● Problem statement
Reproduce exactly the lines below, starting at the line that contains "Slika 4. Prikaz" and ending with the last line of the records, both included; leave out any pictures.

[Collection entries]

------------------------------

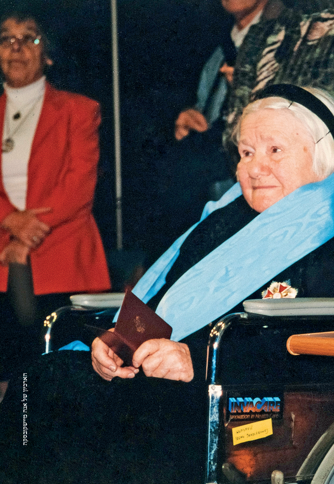
הארכיון של אנה מיישקובסקה
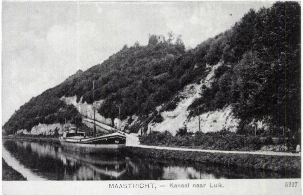
MAASTRICHT, — Kanaal naar Luik.
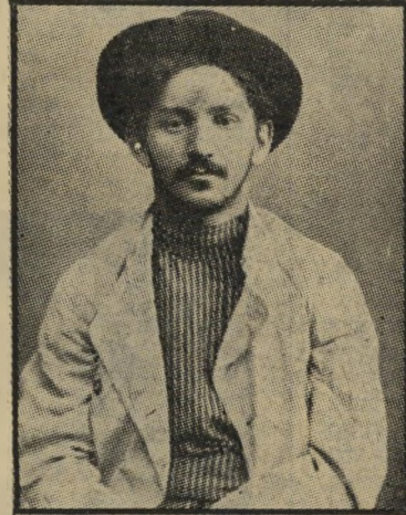
ברל כצנלסון (1903)

על פיו לעיני הקהל בן-האלפים. זה היה האות. מיד קמו הפקידים ממקומותיהם, הם הקפזו את כוכבא. אחרים מהם גם הם מילאו את פיהם רוק וירקו בו. אחרים התכופפו, הרימו מן הקרקע גוש חול מורי-מב מן הגשם וזרקו בפניו, על כתפיו, על ידיו. פניו של כוכבא היו כבר מנומרי-רים בכרך, בשערור דבקו גלדי כוץ, על חולצתו השחיר כוץ מעורב ביריקות... למה אתם שותקים? התלהב מלואפוס 'הנה הישנא שלכם' — 'המשוגע הזה! הוא מדבר על אפונכם! הוא רוצה כאי-שונכם! עתה ניגשו גם אחרים מן החלוי-צים, מן הספלים האחרונים, הרימו גושי עפר, וזרקו, כמעשה מנהיגיהם... סוף סוף זו כוכבא ממקומו. הוא התחיל לרדת מן הכמה כצעדים כושלים, כשפניו מוכוסים בכוץ מעורב ברוק וכדם — מגוש עפר
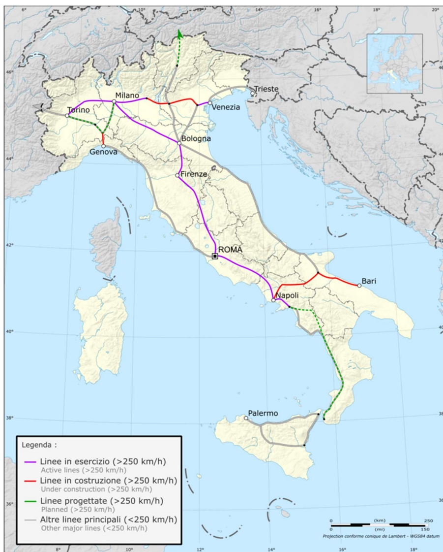
Slika 4. Prikaz mreže brzih vlakova u Italiji[9]

Talijanskim brzim željeznicama upravljaju dvije organizacije. Trenitalia koja je u vlasništvu Taljanskih državnih željeznica kojima upravlja vlada. Druga kompanija je Italo koja je privatna organizacija koja je u vlasništvu četvorice poduzetnika od kojih je jedan Luca Cordero di Montezemolo koji je bio CEO u Ferrariju, luksuznoj marki sportskih automobila [8].
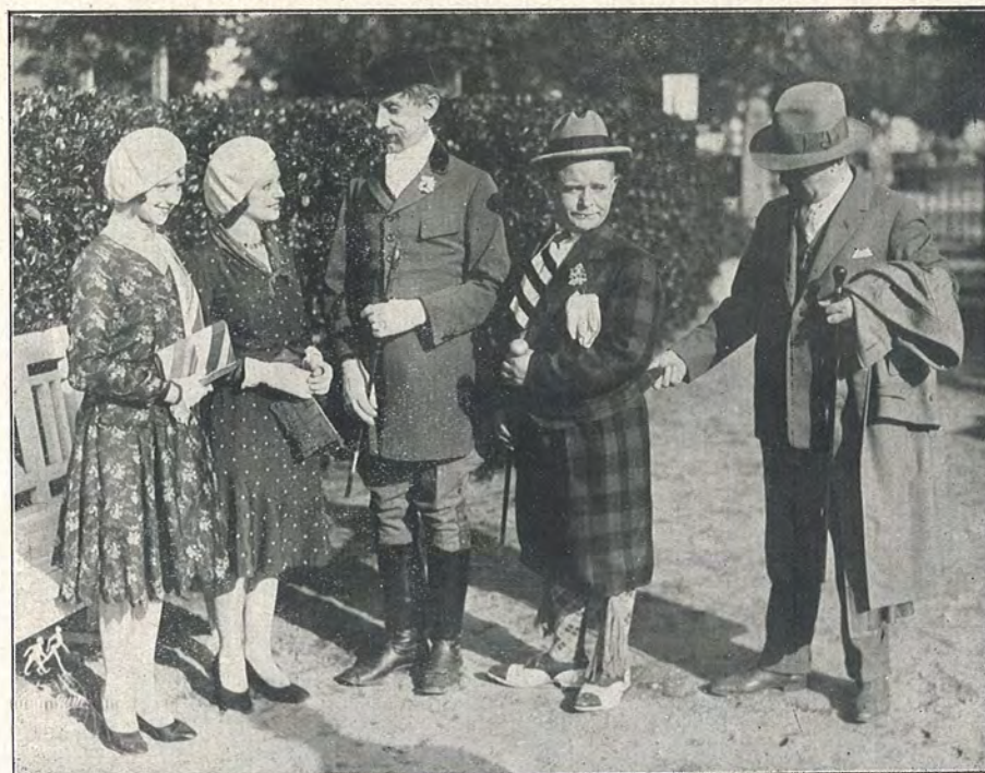
To fine Herrer

»Skovgæsterne« maa søge Ly i en ældgammel Klosterruin, hvor
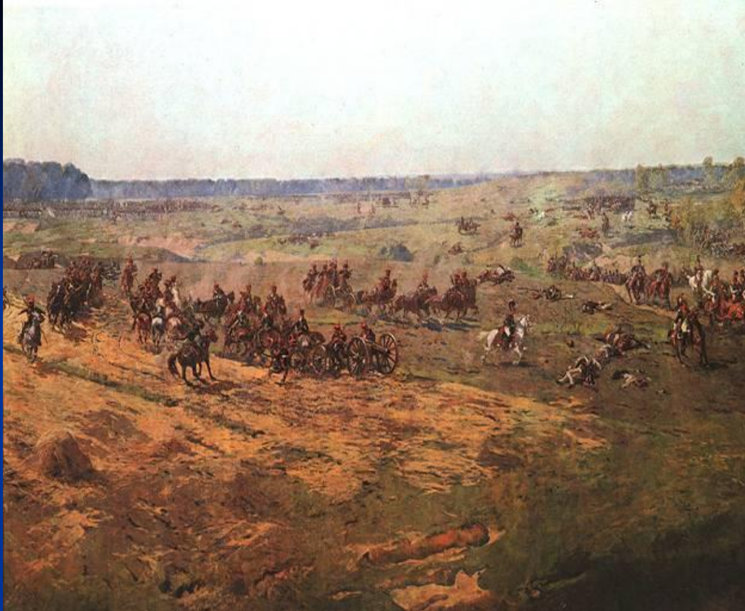
Командный пункт Наполеона. 1812 г.
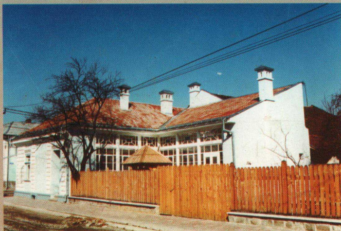
Casa memorială Elie Wiesel

------------------------------

● Answer for the task
Slika 4. Prikaz mreže brzih vlakova u Italiji[9]

Talijanskim brzim željeznicama upravljaju dvije organizacije. Trenitalia koja je u vlasništvu Taljanskih državnih željeznica kojima upravlja vlada. Druga kompanija je Italo koja je privatna organizacija koja je u vlasništvu četvorice poduzetnika od kojih je jedan Luca Cordero di Montezemolo koji je bio CEO u Ferrariju, luksuznoj marki sportskih automobila [8].
To fine Herrer

»Skovgæsterne« maa søge Ly i en ældgammel Klosterruin, hvor
Командный пункт Наполеона. 1812 г.
Casa memorială Elie Wiesel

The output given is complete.